Fair Elections Ohio v. Husted
|770 F.3d 456
|24 October 2014
|FAIR ELECTIONS OHIO; Cure–Ohio; The Amos Project, Plaintiffs–Appellees, v. Jon HUSTED, in his official capacity as Secretary State of Ohio; Mike Dewine, in his official capacity as Attorney General of Ohio, Defendants–Appellants.
|U.S. Court of Appeals — Sixth Circuit
OPINION TEXT STARTS HERE
ON BRIEF:Ryan L. Richardson, Zachery P. Keller, Sarah E. Pierce, Office of the Ohio Attorney General, Columbus, Ohio, for Appellants. Patrick M. Quinn, Brunner Quinn, Columbus, Ohio, David A. Singleton, Ngozi V. Ndulue, Pamela H. Thurston, Ohio Justice & Policy Center, Cincinnati, Ohio, for Appellees.
Before: COLE, Chief Judge, ROGERS and COOK, Circuit Judges.
ROGERS, J., delivered the opinion of the court, in which COOK, J., joined. COLE, C.J., (pp. 461–64), delivered a separate dissenting opinion.

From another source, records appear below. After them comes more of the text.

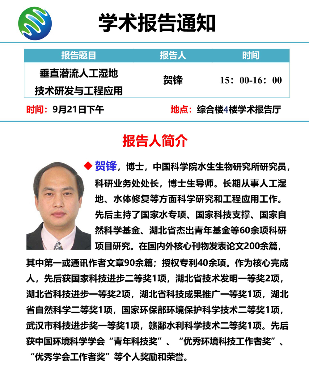 垂直潛流人工濕地技術(shù)研發(fā)與工程應(yīng)用-賀鋒 研究員
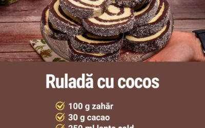 Ruladă cu cocos, fină și cremoasă INGREDIENTE Pentru foaia de biscuiți:100 g zahăr30 g cacao250 ml lapte cald125 g unt250 g biscuiți…
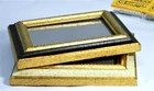 Set of 2.......Wood Picture Frames / Wall Hanging / Gold & Black ....6 1/2" x 5" (view=5"X4") / Under Glass / with Hanger Packet............Please email with questions .....I will combine shipping if possible.....Thanks!!!
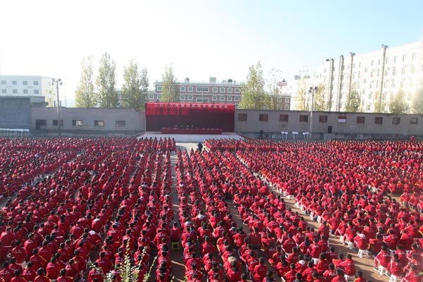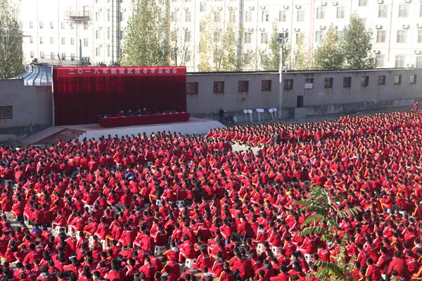 創辦人健步登上主席臺,向萬名學子揮手致意。校委會全體領導并排在主席臺站定,與師生們同聲高唱“鵝坡武院之歌”,共同歡呼又一次舉辦盛大的運動會。

This case concerns whether an organization conducting voter outreach has standing to challenge the deadline for requesting an absentee ballot, on the theory that this deadline—6:00 P.M. on the Friday before Election Day—prevents people jailed after the deadline and held through Election Day from exercising their right to vote. In order to sue in federal court, an organizational plaintiff must show a concrete and particularized injury in fact to itself or its members. Plaintiffs have not done so here. Further, limits on third-party standing prevent the organizational plaintiffs in this case from asserting the rights of third-parties.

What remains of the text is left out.